-- Directions --
With the pictures omitted, repeat exactly the lines below starting with the line that has "Tres escuelas de" and going on through the line that has "Emulsia rejuvenantă pentru".

-- Provided material --

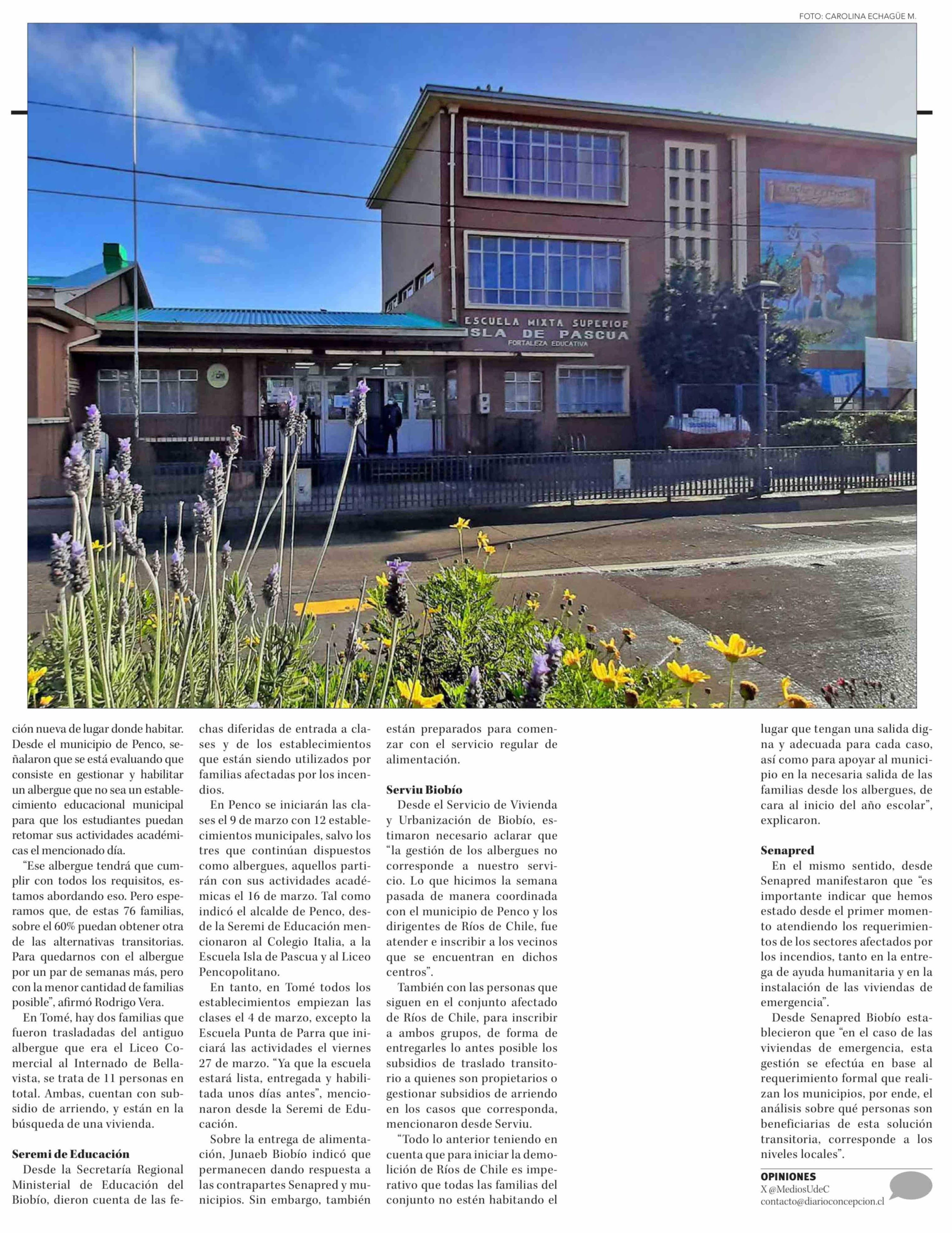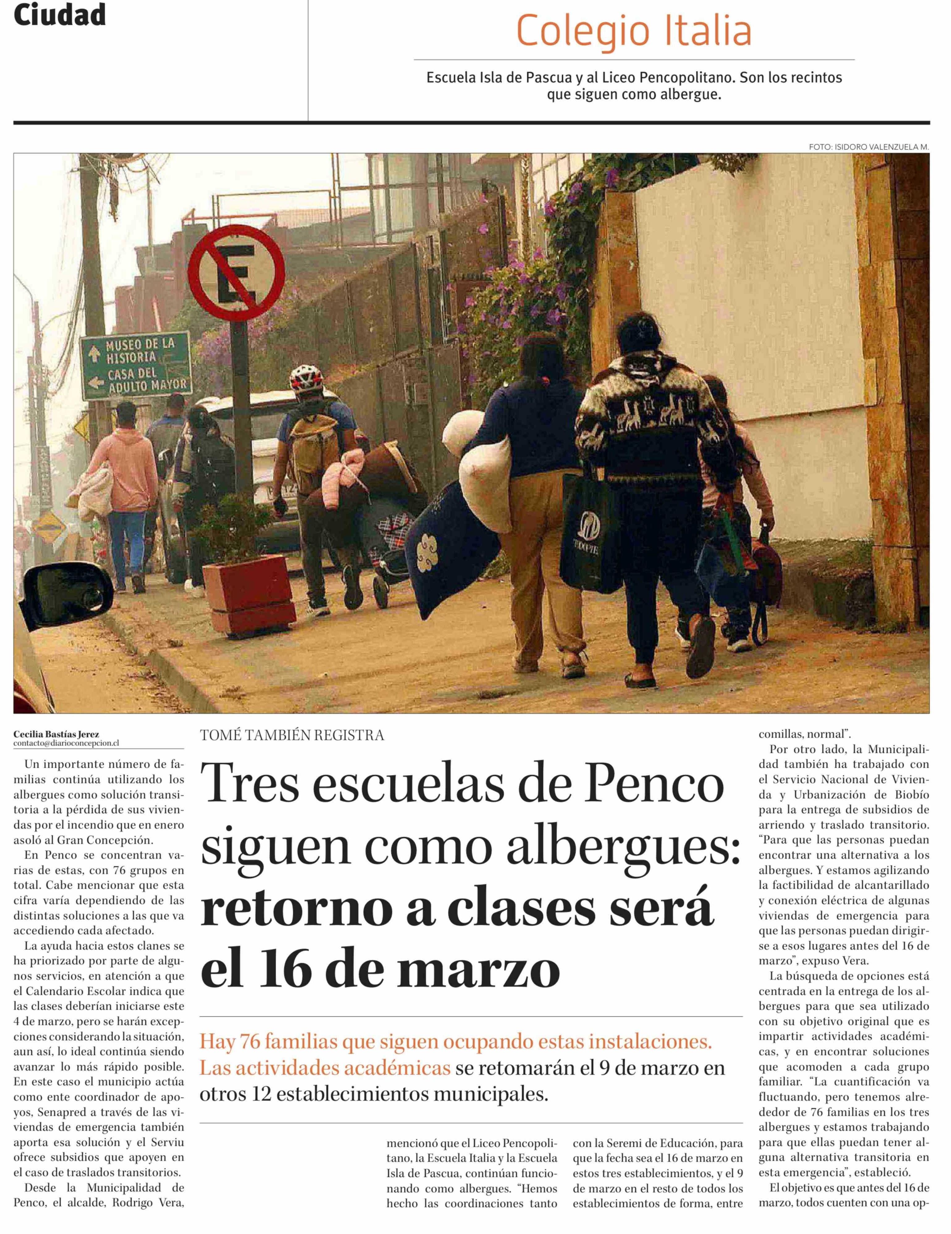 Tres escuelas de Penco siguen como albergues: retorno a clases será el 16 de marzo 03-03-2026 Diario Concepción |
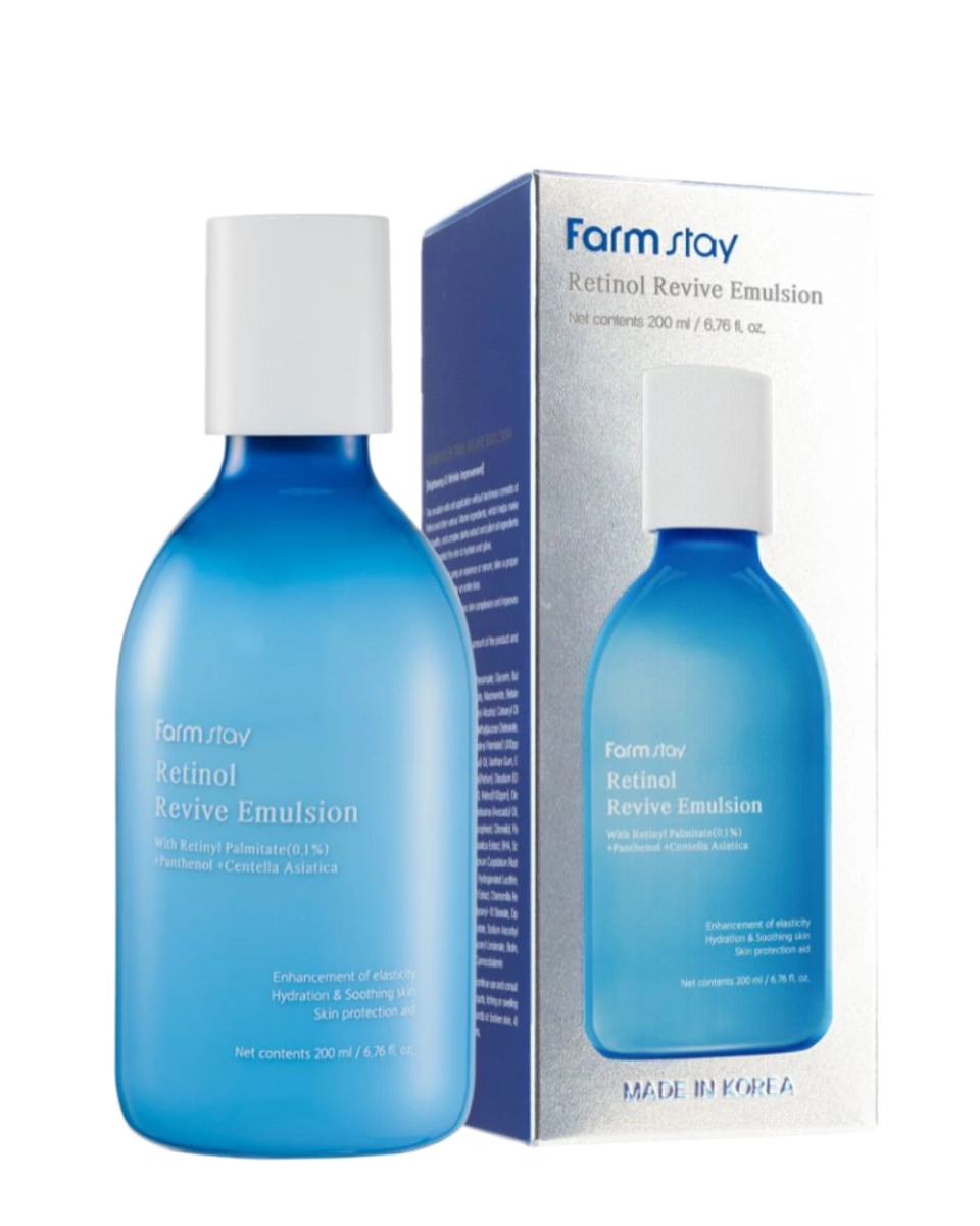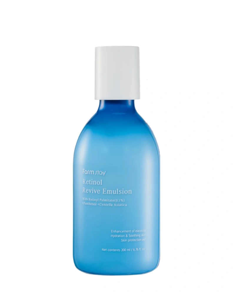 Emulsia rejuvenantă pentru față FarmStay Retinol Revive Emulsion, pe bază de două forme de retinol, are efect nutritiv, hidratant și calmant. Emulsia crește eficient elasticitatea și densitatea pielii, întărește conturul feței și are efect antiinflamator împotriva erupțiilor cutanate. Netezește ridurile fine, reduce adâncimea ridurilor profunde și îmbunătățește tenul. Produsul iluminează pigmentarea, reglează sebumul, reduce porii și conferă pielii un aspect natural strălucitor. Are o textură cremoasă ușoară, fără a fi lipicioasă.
---
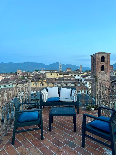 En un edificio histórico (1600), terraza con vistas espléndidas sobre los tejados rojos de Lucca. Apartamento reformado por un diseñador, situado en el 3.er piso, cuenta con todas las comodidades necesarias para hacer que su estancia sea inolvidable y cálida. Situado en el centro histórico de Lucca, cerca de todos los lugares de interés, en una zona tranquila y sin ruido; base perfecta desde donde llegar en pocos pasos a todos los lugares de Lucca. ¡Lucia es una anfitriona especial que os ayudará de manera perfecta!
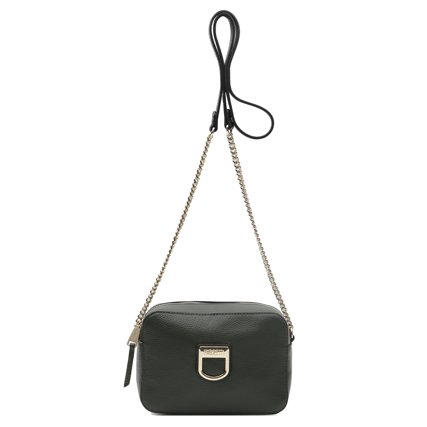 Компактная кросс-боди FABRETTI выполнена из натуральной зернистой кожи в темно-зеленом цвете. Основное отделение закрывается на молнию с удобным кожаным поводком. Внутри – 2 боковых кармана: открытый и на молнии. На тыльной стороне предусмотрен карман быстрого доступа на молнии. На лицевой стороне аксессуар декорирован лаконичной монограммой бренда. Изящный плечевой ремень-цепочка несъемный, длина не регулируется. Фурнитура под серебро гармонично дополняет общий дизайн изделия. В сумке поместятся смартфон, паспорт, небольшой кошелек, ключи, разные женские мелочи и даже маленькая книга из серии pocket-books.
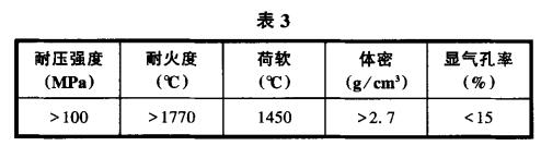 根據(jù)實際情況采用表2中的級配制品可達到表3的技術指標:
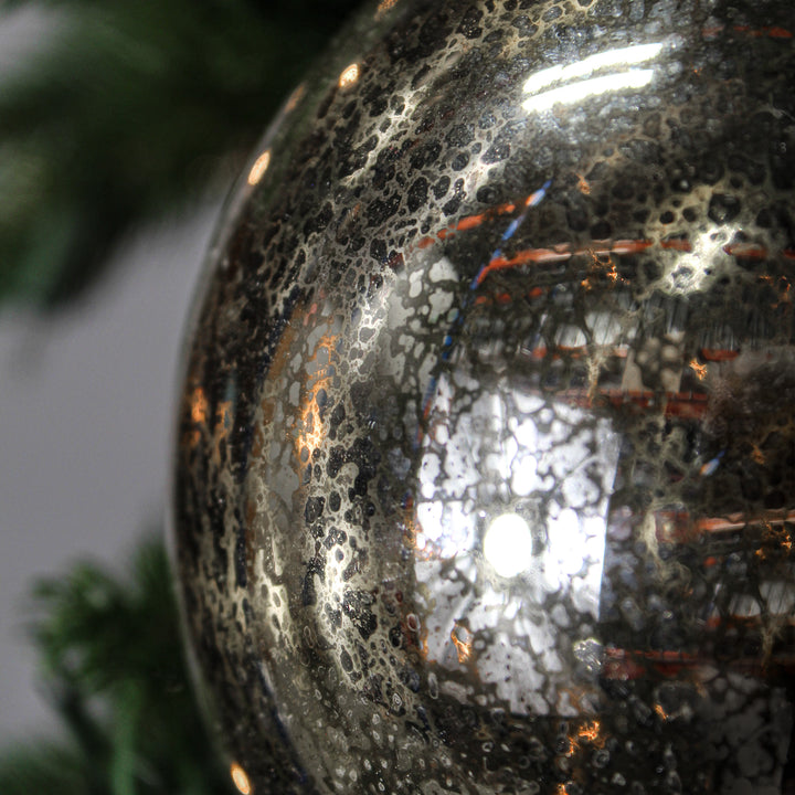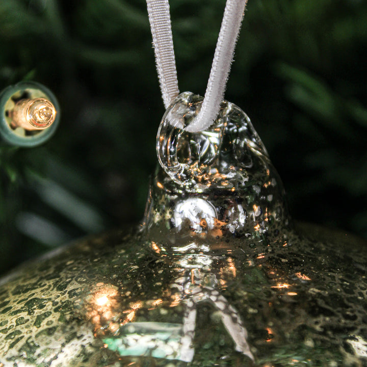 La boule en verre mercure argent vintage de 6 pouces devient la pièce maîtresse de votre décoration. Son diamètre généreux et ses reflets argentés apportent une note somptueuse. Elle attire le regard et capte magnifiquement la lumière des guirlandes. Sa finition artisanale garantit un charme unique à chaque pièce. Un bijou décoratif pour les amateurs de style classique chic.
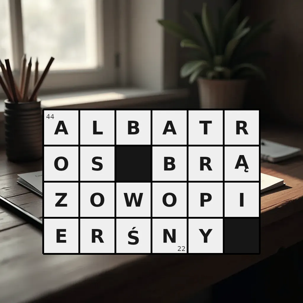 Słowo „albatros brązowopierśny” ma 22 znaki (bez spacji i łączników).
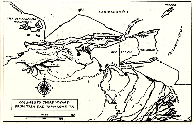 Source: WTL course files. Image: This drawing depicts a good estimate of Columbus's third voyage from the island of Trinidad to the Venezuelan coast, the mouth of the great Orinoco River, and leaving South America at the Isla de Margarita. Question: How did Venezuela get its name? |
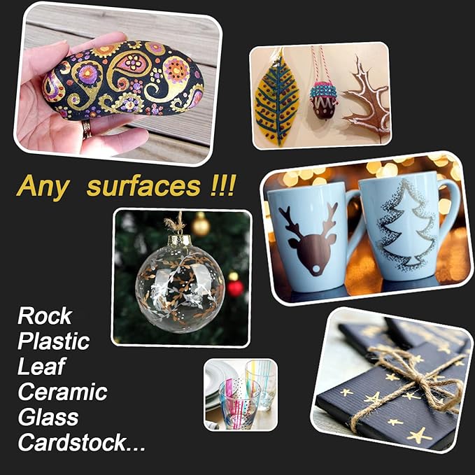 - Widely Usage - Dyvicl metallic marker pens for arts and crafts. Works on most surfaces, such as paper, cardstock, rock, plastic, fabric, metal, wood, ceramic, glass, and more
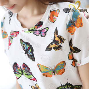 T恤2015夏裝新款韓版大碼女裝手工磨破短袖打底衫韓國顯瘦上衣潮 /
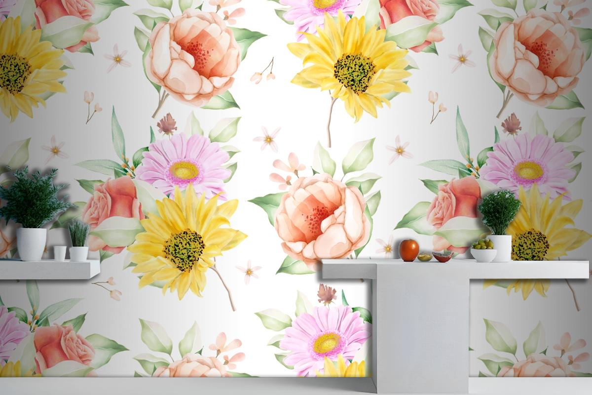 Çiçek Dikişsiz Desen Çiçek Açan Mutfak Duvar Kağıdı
--
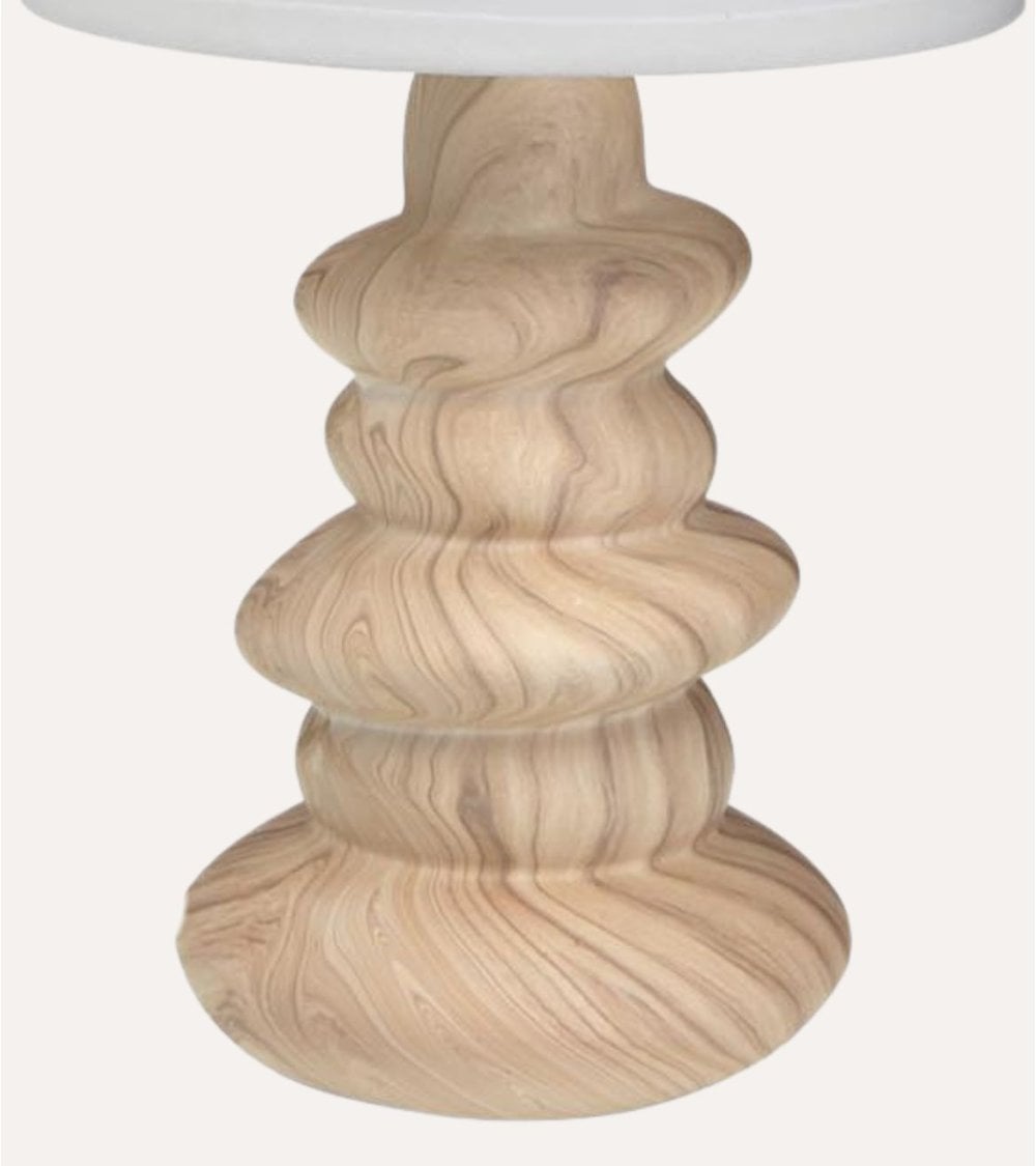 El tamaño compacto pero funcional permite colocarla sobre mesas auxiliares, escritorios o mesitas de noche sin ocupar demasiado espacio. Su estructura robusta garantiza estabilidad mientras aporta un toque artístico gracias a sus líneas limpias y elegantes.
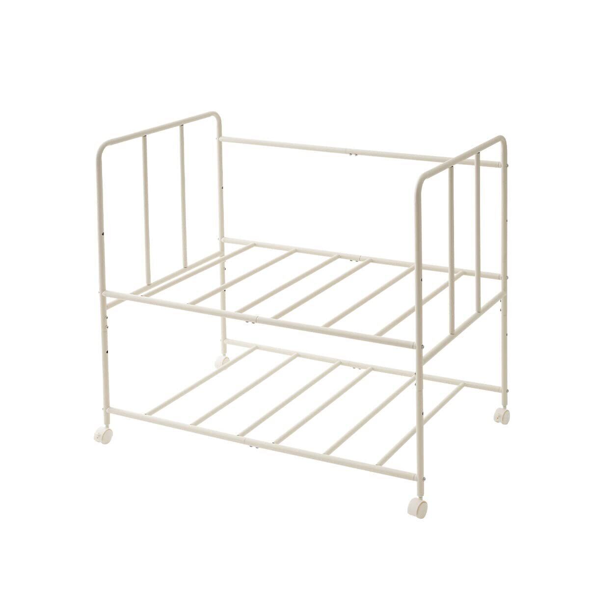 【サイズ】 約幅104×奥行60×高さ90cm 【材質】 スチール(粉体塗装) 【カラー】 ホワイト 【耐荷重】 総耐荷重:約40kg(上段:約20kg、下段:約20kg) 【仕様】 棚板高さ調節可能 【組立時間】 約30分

-- Answer to the problem --
 Tres escuelas de Penco siguen como albergues: retorno a clases será el 16 de marzo 03-03-2026 Diario Concepción |
 Emulsia rejuvenantă pentru față FarmStay Retinol Revive Emulsion, pe bază de două forme de retinol, are efect nutritiv, hidratant și calmant. Emulsia crește eficient elasticitatea și densitatea pielii, întărește conturul feței și are efect antiinflamator împotriva erupțiilor cutanate. Netezește ridurile fine, reduce adâncimea ridurilor profunde și îmbunătățește tenul. Produsul iluminează pigmentarea, reglează sebumul, reduce porii și conferă pielii un aspect natural strălucitor. Are o textură cremoasă ușoară, fără a fi lipicioasă.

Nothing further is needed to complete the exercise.